In contrast to FIG. 2A's example of binary cached or not cached states, FIG. 2B provides a more granular indication, e.g., to represent not cached, cached and fresh, and cached but stale. For example, a link 226 to content that is not cached may appear as conventionally displayed by the program as represented in FIG. 2B, whereas a link 228 that is cached and not stale may be emphasized in one way (e.g., bolded and flashing or glowing), and a link 230 that is cached but stale may be emphasized in a different way. Although for purposes of illustration bold and italic (but not flashing/glowing) are used for the link 230 to indicate cached but stale content, it is likely that a color scheme may be used in some implementations, e.g., one color for not cached, another for cached and not state, and a third color for cached but stale. Any scheme may be configurable, e.g., color-blind users may not want red and green, for example. Graying out and other visible rendering techniques that convey state information also may be used.
It should be noted that a link marked as stale may be interacted with differently by a user, depending on whether the user wants to quickly obtain the stale content or download a fresh copy. With a mouse for example, double-clicking versus single clicking, and/or right clicking may be used to differentiate whether to retrieve the content from the cache or from the remote source. With a touch screen device, tapping versus pressing and holding may be used. Other interaction techniques are feasible.
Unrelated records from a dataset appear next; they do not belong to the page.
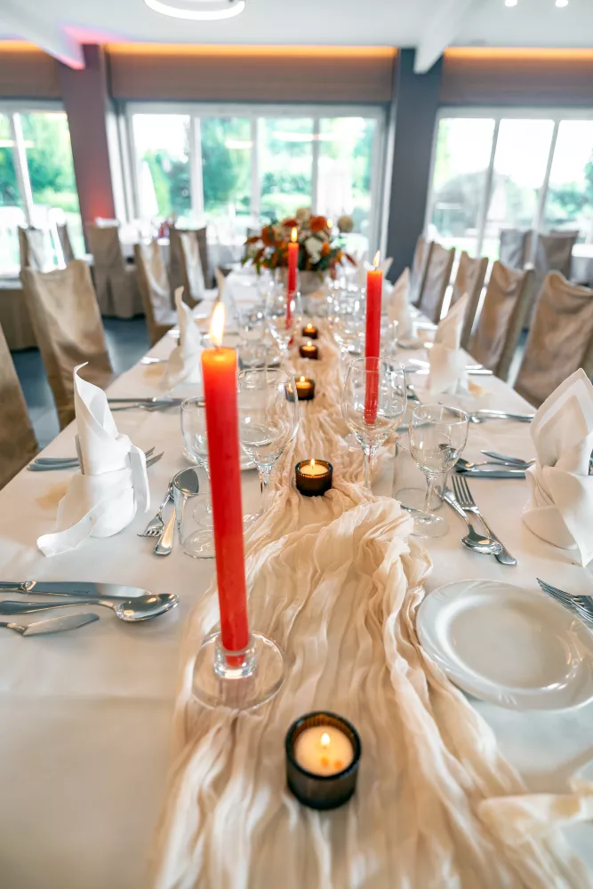 Chemin de table beige, au tombé fluide et élégant.
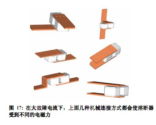 現(xiàn)代生產(chǎn)過程對整流器電流輸出能力要求越來越高,這意味著整流柜中的能量密度越來越大。將現(xiàn)代新型的大功率半導(dǎo)體與5號快熔搭配,可以減少整流器中元件的數(shù)目,每個元件承擔(dān)的電流也將會增加,故障電流水平也將增長,甚至可能達(dá)到接近300KA的水平。在這么大的故障電流下,由于電流通路的不同走向,熔斷器有可能要承受巨大的電磁力。
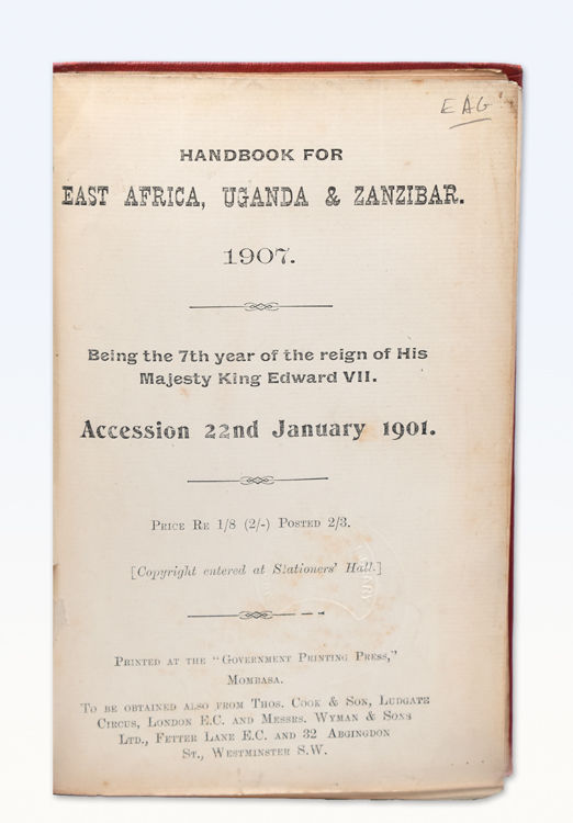 Handbook for East Africa, Uganda & Zanzibar 1907. Being the 7th Year of the Reign of His majesty King Edward VII. Accession 22nd January, 1901
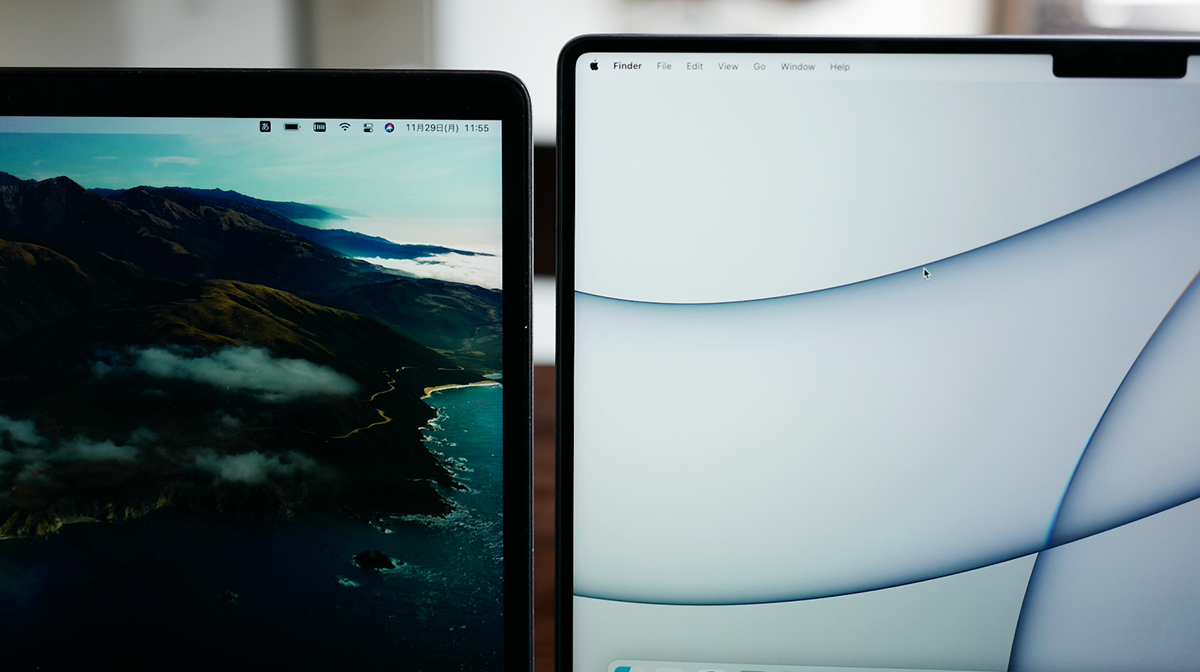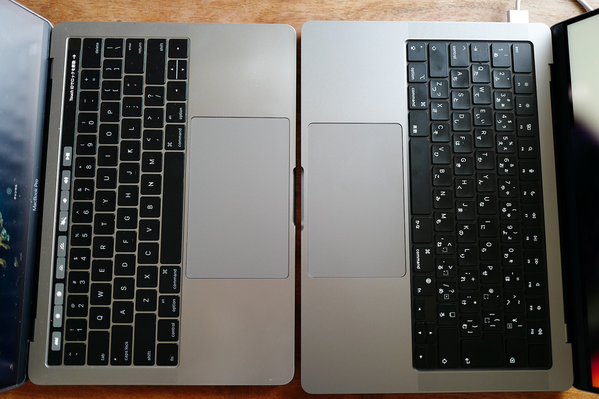 ディスプレイの解像度は、2016年モデルの13インチが2560×1600ドットで、2021年モデルの14インチが3024×1964ドットです。サイズが1インチアップしているうえに、縦横の表示領域が増えています。
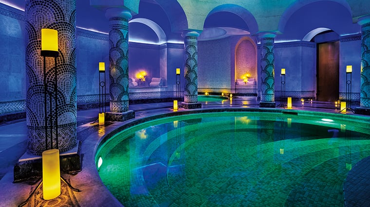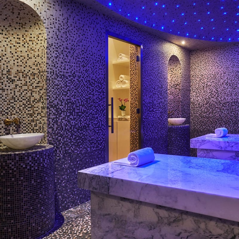 Water defines every aspect of this expansive spa, from its Thalasso pool and quartet of plunge pools to treatments drawing on Dead Sea minerals and Arabian botanicals. The signature On the Banks of the Dead Sea ritual layers mineral-rich mud in a deeply restorative sequence, while the atrium pool—framed by white-washed walls and a Romanesque statue—channels Mediterranean serenity steps from the resort's private beach.
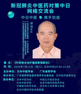 2020年7月11日北京時間19:00-21:30、東京時間(20:00-22:30),由本會與日本中醫(yī)學會共同主辦,廣東省藥學會老年藥學專業(yè)委員會、日中醫(yī)藥健康協(xié)會共同承辦的“新冠肺炎中醫(yī)藥對策中日網(wǎng)絡交流會”成功舉辦。會議由暨南大學藥學院聶紅教授主持,日中醫(yī)藥健康協(xié)會馬驥副會長作大會翻譯。據(jù)悉,這是日本中醫(yī)學會...
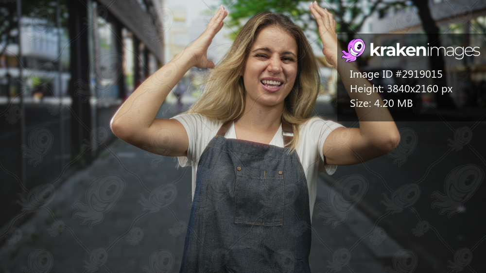 Woman in denim apron raising arms and grimacing on street while looking up with clenched hands; frustration release.
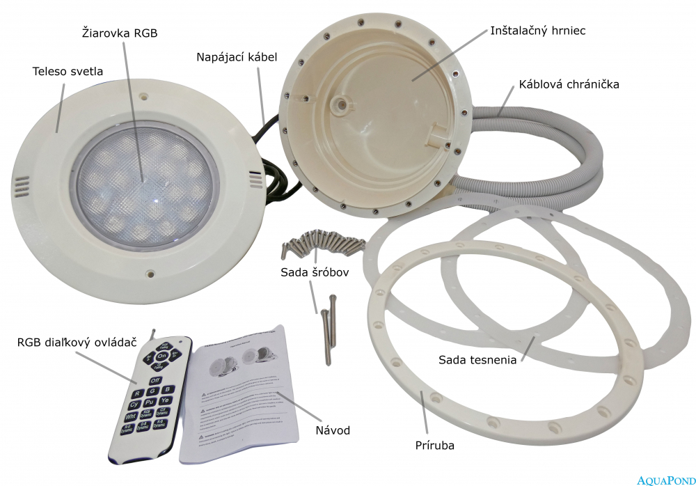 Kompletné bazénové osvetlenie LED-STAR MULTICOLOR SET RGB s diaľkovým ovládaním je určené pre všetky typy bazénov. Osvetlenie je osadené bazénovou žiarovkou LED-STAR MULTICOLOR (viac o žiarovke nižšie)* . Svetlomet je dodávaný s prírubou a sadou tesnenia. Žiarovka má inštalovaný RGB prijímač, ovládanie je diaľkovým ovládačom, prípadne manuálne spínačom. Diaľkový ovládač je súčasťou svetlometu. Počet farebných režimov 14. Svetlomet odporúčame na inštaláciu do bazéna osadeným jedným svetlom. Pre bazény osadené viacerými svetlami s požiadavkou na synchronizáciu farebných režimov sú určené svetlá LED-STAR MULTICOLOR rady G3.1 a WI-FI.
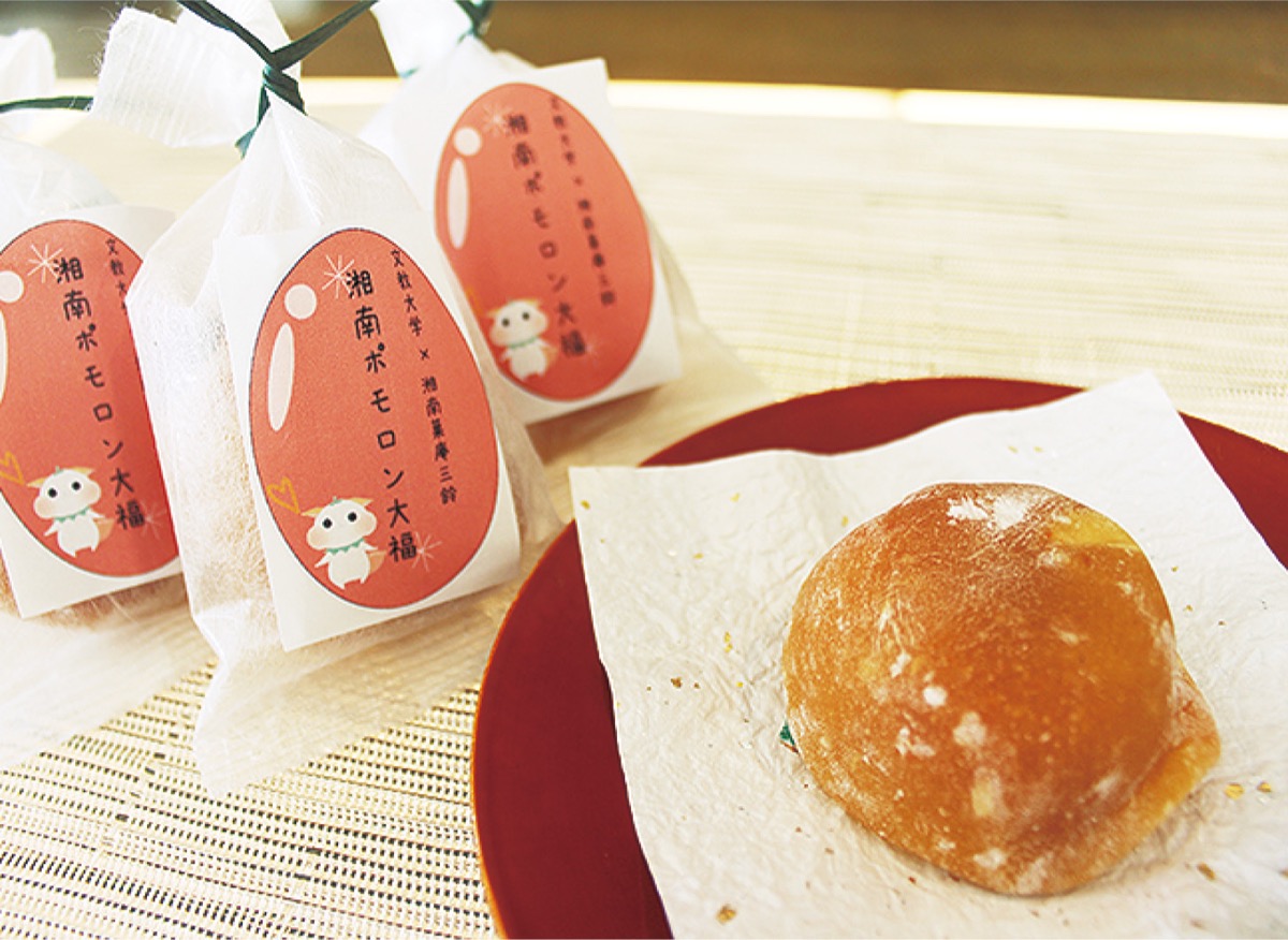 和菓子店の湘南菓庵三鈴(東海岸北)と文教大学健康栄養学部(行谷)が共同開発した『湘南ポモロン大福』がこのほど、「神奈川なでしこブランド2020」に認定された。商品は、市内で栽培されるトマト「湘南ポモロン」の認知拡大を狙って作られた。
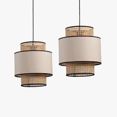 Lampada a sospensione in tessuto/rattan Ritta Farmhouse, 2 stili
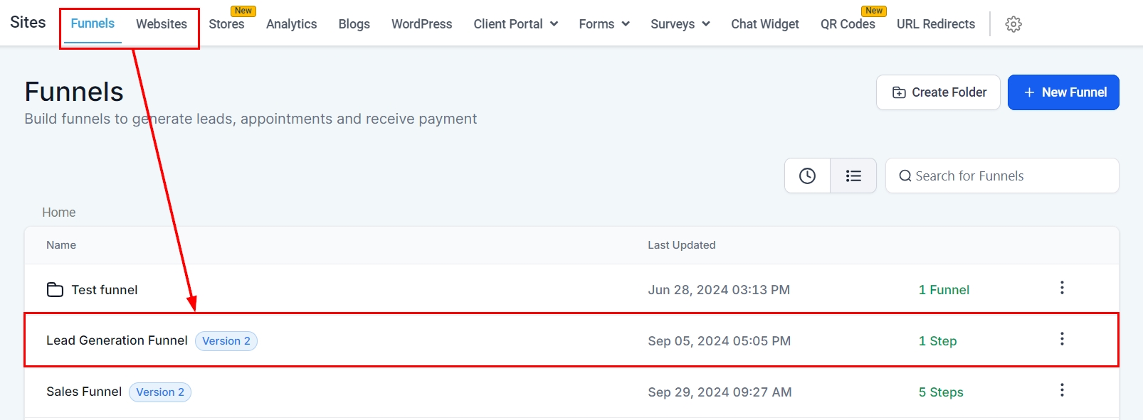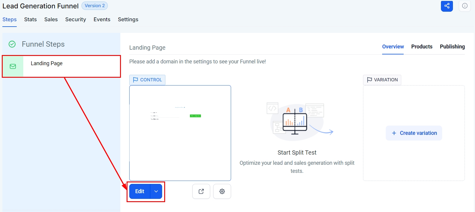 Select the desired funnel step or website page, then click Edit to open the builder.

What is considered stale may be dependent on a number of factors. For example, user behavior may be learned per user (e.g., a particular user never wants stale content for a certain link, so do not display the “cached but stale” state for that link). Stock quotes may be considered stale after a few seconds, while news stories may be considered stale after an hour. Users may set individual preferences, or defaults may be used. Further, as described herein, regular or periodic communication between a server and the cache manager may be used to update the stale or not stale state of some or all of the pieces of content in the cache.
Another indication scheme, which may be used instead of or in conjunction with the schemes exemplified in FIGS. 2A and 2B, is to associate a marker with a link, as generally represented in FIGS. 3A and 3B. In the example of FIG. 3B, an icon shown as a semi-transparent circled “S=5 m” indicator overlays the link to content, whereby the “S=5 m” indicates cached but stale, with the amount of time stale (staleness equals five minutes) also represented in the icon. In this example, different icons, lettering and/or emphasis schemes may be used for other states if desired, e.g., a blue “C” for cached and not stale and/or highlighted/glowing, and a red “R” (or no indication at all) for remotely located content.
For stale or remote content, information (if known) about the content may be displayed. For example, in FIG. 3B, a circled indication “R=5 MB” appears above the link to indicate that the document is remote and five megabytes in size, whereby the user will consider whether such a large document is worthwhile downloading before activating the link.
Other information that may be conveyed includes the current communication speed of the device, which may be used in conjunction with the content's size. For example, if a connection is slow and/or a document is large, information to inform the user of the time for downloading may be provided, e.g., by graying out a link to non-cached content more the longer the download will take, or displaying an estimated time (e.g., “T=20 s”) in association with the link. How much data a user has left in his or her data plan (possibly influenced by when the next billing cycle resets the amount) also may be displayed, so that the user is aware of the possibility of incurring additional charges if a link to non-cached content is clicked.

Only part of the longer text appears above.